§ **THE DATA**:

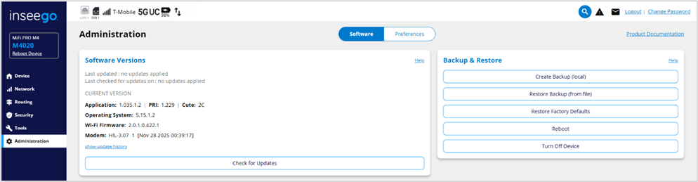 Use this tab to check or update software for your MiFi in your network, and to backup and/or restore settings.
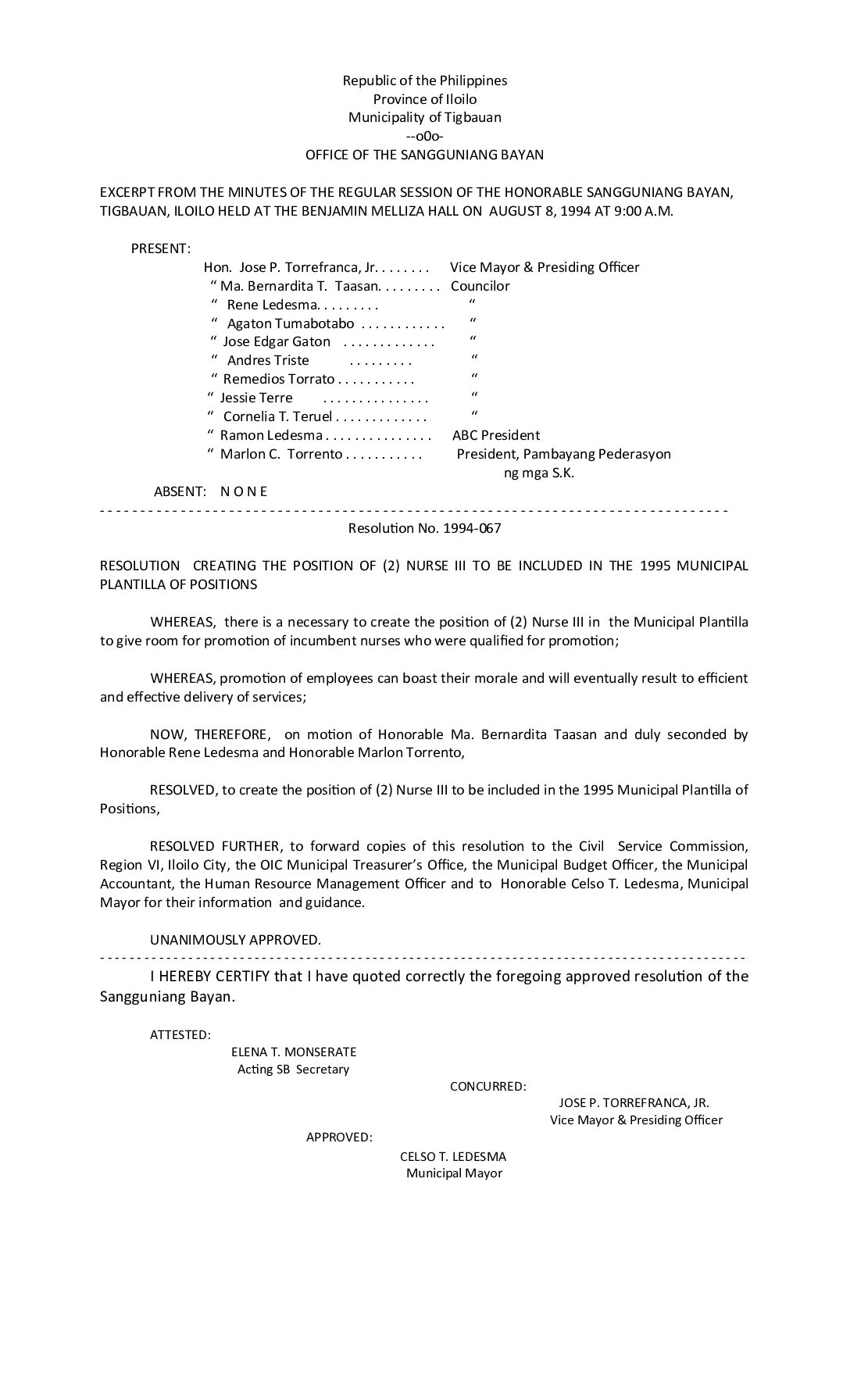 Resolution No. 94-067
* * *
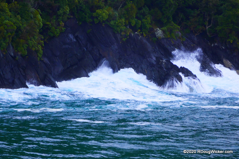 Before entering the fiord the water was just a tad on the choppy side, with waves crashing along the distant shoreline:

§ **YOUR TASK**:
Nothing outside the stretch above, from the line with "Use this tab" through the line with "Resolution No. 94-067", is set down. Transcribe that stretch exactly, ends included, but not its pictures.

§ **EXERCISE SOLUTION**:
 Use this tab to check or update software for your MiFi in your network, and to backup and/or restore settings.
 Resolution No. 94-067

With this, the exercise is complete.